The formation of a volcano

1. Magma rises through the cracks and weaknesses of the earth's crust.

2. Pressure builds up inside the earth and released (e.g. as a result of plate movement) in an explosion of magma.

3. Lava from the explosion cools and solidifies, building up gradfually with each explosion.

4. Overtime, after several explosions, the rock builds up to form a volcano.

Inside a volcano

The magma chamber sits below the volcano and is where the magma is held. The main vent is the middle and main outlet for the magma to escape from.Secondary vents are smaller outlets through which magma can also escape. The crater is created after the explosion blows the top off the volcano. 

Active volcanoes erupt frequently, dormant volcanoes do not erupt frequently but are not extinct. Extinct volcanoes are ones which will never erupt again.

Shield volcanoes are normally found at constructive plate boundaries, they are low with gently sloping sides and formed by eruptions of thin, runny lava. Eruptions from these volcanoes tend to be frequent but relatively gentle.

Composite volcanoes are made up of alternating layers of lava and ash. They are usually found at destructive boundaries and the eruption tend to run down the sides at high speeds and high temperatures.

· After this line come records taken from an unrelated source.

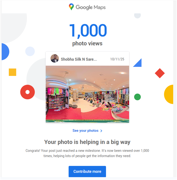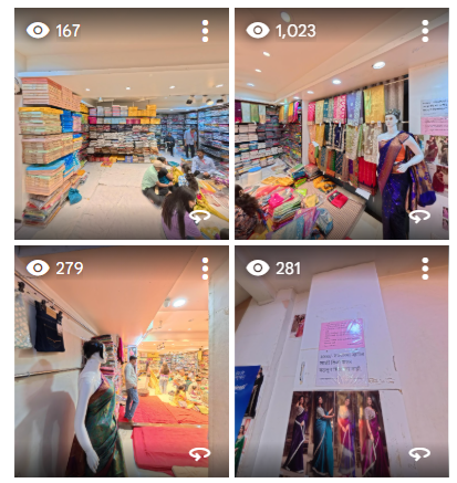 After adding a Google 360° virtual tour to Shobha Silk N Sarees’ business profile, customers could explore the showroom online before visiting — from saree sections to ready-made collections and interiors.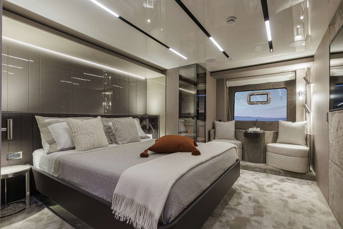 Al ponte inferiore, la suite armatoriale full-beam è un capolavoro di ampiezza e design,caratterizzatada un bagno a murata impreziosito da vetri fumé che amplificano la sensazione di continuità e spazio. In questo modo si abbattono le barriere visive, pur mantenendo la privacy in ambienti come la zona toilette. Una scelta che racchiude quasi un linguaggio intrinseco, capace di trasformare questo ambiente in un rifugio di totale libertà e senza inibizioni.
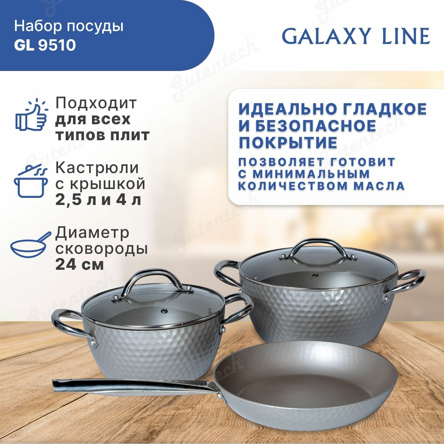 Набор посуды с антипригарным покрытием GALAXY LINE GL9510 (серебристый)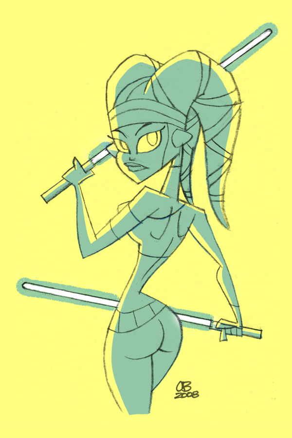 "I’m a typical night owl artist, and often stay up late drawing, so I usually roll into work around 10 AM, grab some coffee, and settle in. Sometimes I need to read a new script, but most often I’m busy attacking already in-progress designs for the latest script or storyboard. The day moves pretty swiftly once the drawing begins, but I always take time to walk around and see what everyone else is doing (It helps to get an idea of what the entire show is looking like instead of just your one little area), and usually try to get outside for lunch with friends– it’s important to actually see some sunlight and get fresh air to recharge your batteries. Usually by 7 PM I call it a day, unless I’m in the middle of a drawing and in “The Zone”; Sometimes you can’t stop while the drawings are flowing!"Chris describes the process by which he works; he will do initial sketches on paper then scan them into photoshop and go over them digitally with a wacom cintiq.
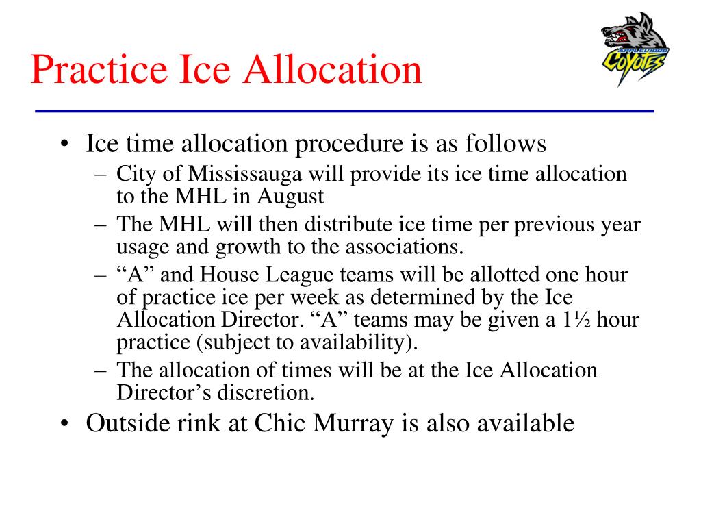 Practice Ice Allocation • Ice time allocation procedure is as follows • City of Mississauga will provide its ice time allocation to the MHL in August • The MHL will then distribute ice time per previous year usage and growth to the associations. • “A” and House League teams will be allotted one hour of practice ice per week as determined by the Ice Allocation Director. “A” teams may be given a 1½ hour practice (subject to availability). • The allocation of times will be at the Ice Allocation Director’s discretion. • Outside rink at Chic Murray is also available

A volcanic eruption can have positive and negative effects.

Positive

• The dramatic scenery attracts tourists and brings income to the area.
• The lava and ash breaks down to provide valuable nutrients for the soil. This creates very fertile soil which is good for agriculture.
• The high level of heat inside the earth and out from the volcano can provide a good opportunity for geothermal energy.

Negative

• Many lives can be lost due to a volcanic eruption.
• Mudflows can be created by the mixing of ash and mud with rainwater.
• Lava and mud flows can destroy or severly damage settlements.
• Human and natural landscapes can be destroyed.